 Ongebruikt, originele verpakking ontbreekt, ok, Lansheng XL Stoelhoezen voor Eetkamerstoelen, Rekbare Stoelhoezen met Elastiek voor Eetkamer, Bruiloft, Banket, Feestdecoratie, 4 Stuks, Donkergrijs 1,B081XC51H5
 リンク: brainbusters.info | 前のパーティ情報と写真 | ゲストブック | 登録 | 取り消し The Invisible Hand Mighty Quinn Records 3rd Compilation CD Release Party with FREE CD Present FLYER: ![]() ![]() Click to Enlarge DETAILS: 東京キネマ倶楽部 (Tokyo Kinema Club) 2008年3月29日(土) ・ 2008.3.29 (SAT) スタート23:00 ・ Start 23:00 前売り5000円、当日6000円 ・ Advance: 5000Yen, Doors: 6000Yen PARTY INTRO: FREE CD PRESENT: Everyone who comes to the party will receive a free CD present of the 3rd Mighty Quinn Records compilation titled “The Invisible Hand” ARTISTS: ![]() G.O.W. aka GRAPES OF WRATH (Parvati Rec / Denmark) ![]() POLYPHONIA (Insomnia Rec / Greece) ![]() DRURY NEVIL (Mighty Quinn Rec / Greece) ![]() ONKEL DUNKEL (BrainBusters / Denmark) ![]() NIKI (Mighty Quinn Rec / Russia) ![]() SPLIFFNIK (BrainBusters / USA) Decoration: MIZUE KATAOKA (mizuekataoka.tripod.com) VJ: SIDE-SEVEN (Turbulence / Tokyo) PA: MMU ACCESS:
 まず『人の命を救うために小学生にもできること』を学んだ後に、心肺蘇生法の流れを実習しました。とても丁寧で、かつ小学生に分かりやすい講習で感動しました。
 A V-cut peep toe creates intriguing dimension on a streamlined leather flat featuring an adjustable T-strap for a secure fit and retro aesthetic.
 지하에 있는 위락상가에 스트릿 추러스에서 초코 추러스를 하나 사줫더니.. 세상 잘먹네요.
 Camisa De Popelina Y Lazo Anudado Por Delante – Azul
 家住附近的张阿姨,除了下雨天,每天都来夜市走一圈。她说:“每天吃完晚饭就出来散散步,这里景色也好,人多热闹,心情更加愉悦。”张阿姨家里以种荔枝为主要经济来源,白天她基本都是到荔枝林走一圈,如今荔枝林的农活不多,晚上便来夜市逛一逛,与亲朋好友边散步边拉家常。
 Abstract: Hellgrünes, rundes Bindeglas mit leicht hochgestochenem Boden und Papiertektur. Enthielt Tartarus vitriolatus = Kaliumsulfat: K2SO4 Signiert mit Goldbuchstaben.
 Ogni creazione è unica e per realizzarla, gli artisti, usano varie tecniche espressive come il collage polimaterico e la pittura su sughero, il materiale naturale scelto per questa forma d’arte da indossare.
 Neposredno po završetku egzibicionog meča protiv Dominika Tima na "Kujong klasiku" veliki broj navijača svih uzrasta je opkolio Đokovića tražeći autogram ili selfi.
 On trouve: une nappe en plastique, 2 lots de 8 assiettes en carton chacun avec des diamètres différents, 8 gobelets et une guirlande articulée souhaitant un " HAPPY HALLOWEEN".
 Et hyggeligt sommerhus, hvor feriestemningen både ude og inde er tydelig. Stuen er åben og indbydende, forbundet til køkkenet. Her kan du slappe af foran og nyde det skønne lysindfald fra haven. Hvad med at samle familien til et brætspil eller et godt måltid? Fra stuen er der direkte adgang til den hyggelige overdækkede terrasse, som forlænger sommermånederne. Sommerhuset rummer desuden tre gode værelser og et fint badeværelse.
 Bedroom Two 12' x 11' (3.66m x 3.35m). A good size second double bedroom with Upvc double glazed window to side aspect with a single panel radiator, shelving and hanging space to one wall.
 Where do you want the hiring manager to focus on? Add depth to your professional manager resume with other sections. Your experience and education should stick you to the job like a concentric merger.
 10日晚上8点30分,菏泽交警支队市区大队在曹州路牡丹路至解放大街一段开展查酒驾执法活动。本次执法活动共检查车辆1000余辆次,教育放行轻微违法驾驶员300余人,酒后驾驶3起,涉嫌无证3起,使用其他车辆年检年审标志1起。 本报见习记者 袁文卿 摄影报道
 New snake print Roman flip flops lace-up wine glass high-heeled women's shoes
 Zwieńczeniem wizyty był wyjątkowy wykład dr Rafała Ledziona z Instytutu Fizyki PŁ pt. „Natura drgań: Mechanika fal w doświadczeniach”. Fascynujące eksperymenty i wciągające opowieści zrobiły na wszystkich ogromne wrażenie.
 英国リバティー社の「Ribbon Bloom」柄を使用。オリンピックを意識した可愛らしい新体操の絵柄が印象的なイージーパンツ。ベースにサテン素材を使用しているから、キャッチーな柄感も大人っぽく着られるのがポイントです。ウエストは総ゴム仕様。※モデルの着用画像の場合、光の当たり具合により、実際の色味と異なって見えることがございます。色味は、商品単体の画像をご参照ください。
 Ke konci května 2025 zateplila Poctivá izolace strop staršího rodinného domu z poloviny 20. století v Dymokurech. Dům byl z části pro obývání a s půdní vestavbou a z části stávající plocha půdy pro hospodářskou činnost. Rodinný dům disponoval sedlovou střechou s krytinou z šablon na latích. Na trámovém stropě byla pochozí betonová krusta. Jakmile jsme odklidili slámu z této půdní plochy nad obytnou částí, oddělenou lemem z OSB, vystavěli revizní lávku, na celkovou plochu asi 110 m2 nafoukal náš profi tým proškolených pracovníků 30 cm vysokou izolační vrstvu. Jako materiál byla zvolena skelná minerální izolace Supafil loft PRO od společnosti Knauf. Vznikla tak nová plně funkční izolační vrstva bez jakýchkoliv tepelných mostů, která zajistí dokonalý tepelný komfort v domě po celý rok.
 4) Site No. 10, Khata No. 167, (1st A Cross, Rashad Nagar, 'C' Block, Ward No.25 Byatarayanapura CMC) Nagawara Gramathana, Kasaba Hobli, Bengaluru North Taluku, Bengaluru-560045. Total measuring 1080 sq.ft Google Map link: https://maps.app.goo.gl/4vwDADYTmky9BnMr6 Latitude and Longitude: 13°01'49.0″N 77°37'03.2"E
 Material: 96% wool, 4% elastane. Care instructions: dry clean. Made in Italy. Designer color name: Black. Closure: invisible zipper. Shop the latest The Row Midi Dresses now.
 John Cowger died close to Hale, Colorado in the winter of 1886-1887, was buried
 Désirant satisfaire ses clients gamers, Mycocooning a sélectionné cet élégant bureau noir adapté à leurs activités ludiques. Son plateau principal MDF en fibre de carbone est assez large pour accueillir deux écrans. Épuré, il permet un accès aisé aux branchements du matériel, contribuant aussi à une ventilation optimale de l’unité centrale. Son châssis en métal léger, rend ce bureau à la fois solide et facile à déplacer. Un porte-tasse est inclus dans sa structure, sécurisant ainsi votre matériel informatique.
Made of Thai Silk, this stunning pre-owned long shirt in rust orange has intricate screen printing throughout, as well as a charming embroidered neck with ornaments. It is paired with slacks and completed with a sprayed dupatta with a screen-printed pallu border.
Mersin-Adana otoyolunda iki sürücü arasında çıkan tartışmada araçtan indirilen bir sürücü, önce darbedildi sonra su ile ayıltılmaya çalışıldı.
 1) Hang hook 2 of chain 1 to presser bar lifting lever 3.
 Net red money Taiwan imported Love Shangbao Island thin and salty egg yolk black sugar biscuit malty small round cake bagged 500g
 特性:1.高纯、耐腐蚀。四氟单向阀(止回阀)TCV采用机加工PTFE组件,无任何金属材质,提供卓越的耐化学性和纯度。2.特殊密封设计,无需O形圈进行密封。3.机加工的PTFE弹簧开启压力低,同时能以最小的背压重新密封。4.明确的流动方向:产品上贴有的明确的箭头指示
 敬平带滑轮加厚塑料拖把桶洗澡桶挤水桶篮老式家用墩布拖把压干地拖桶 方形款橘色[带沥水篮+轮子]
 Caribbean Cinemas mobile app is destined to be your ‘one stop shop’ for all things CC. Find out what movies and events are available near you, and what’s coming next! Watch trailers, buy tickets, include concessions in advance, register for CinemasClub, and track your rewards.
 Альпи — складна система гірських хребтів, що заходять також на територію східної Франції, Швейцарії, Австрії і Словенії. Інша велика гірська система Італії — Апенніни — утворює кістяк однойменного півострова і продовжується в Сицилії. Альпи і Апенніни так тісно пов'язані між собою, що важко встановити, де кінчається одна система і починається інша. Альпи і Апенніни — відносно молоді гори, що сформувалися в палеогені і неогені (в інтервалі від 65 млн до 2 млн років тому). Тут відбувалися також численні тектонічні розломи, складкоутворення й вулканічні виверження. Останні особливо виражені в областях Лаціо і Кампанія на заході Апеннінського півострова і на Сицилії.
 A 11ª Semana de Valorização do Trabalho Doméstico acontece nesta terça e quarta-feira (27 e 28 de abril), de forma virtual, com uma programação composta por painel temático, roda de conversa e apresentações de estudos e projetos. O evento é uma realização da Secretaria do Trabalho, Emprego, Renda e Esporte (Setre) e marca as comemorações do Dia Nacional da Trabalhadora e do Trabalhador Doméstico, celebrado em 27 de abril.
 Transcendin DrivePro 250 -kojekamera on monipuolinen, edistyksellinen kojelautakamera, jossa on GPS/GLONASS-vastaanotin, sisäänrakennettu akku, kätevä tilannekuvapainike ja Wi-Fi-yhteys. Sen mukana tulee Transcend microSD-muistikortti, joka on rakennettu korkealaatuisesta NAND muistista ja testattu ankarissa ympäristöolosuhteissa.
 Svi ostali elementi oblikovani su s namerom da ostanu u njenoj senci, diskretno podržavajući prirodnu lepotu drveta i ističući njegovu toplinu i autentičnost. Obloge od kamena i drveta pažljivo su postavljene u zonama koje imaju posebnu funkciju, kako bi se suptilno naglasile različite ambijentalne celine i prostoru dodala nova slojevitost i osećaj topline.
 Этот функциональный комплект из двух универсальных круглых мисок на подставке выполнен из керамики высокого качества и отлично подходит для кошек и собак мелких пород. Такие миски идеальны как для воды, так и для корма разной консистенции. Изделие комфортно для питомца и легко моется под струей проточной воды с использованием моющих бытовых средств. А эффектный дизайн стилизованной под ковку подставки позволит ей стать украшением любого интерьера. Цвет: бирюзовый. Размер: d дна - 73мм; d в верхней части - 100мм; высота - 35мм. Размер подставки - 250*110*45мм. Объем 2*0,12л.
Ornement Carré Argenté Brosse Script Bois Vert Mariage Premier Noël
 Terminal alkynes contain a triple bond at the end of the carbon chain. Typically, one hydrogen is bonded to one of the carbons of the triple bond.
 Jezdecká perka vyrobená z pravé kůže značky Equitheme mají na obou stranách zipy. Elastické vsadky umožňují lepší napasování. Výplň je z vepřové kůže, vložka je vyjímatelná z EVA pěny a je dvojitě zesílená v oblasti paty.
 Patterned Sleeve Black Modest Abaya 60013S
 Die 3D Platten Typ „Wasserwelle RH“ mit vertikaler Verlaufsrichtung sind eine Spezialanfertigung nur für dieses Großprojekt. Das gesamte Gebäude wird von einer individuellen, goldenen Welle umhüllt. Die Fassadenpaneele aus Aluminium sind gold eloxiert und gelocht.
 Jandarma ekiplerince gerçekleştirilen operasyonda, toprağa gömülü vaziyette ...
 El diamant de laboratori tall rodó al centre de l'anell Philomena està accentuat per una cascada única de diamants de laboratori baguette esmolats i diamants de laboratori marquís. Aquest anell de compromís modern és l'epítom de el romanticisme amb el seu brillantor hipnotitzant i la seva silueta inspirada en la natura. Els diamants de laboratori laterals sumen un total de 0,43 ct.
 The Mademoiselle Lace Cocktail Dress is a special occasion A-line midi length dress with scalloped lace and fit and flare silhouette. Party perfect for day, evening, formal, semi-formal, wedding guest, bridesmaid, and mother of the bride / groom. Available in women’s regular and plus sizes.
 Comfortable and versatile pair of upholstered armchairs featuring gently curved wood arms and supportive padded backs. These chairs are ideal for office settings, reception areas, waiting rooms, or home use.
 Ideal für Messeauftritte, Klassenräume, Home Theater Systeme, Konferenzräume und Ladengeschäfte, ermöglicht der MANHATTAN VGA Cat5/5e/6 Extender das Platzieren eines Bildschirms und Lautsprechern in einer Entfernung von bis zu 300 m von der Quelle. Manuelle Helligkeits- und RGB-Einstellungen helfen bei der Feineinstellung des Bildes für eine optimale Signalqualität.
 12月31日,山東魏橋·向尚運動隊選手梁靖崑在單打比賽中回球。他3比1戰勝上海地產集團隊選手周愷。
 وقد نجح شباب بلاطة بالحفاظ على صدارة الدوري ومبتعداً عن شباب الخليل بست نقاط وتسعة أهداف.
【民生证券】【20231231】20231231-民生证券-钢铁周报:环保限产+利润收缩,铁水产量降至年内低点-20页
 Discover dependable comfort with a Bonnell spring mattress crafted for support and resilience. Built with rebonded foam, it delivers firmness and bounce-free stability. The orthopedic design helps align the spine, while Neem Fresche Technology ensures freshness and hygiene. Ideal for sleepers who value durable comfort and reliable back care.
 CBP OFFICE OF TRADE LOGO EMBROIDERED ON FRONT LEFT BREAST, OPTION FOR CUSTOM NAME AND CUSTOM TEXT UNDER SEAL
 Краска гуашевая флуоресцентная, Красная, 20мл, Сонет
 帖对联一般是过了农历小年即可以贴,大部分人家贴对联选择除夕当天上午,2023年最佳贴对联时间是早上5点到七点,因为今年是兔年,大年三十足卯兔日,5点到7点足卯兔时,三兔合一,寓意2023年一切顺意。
────────────────────
Instructions for the task => The response must hold only the lines above from the line with "Neposredno po završetku" through the line with "Where do you", each copied exactly, both ends kept.

Answer area =>
 Neposredno po završetku egzibicionog meča protiv Dominika Tima na "Kujong klasiku" veliki broj navijača svih uzrasta je opkolio Đokovića tražeći autogram ili selfi.
 On trouve: une nappe en plastique, 2 lots de 8 assiettes en carton chacun avec des diamètres différents, 8 gobelets et une guirlande articulée souhaitant un " HAPPY HALLOWEEN".
 Et hyggeligt sommerhus, hvor feriestemningen både ude og inde er tydelig. Stuen er åben og indbydende, forbundet til køkkenet. Her kan du slappe af foran og nyde det skønne lysindfald fra haven. Hvad med at samle familien til et brætspil eller et godt måltid? Fra stuen er der direkte adgang til den hyggelige overdækkede terrasse, som forlænger sommermånederne. Sommerhuset rummer desuden tre gode værelser og et fint badeværelse.
 Bedroom Two 12' x 11' (3.66m x 3.35m). A good size second double bedroom with Upvc double glazed window to side aspect with a single panel radiator, shelving and hanging space to one wall.
 Where do you want the hiring manager to focus on? Add depth to your professional manager resume with other sections. Your experience and education should stick you to the job like a concentric merger.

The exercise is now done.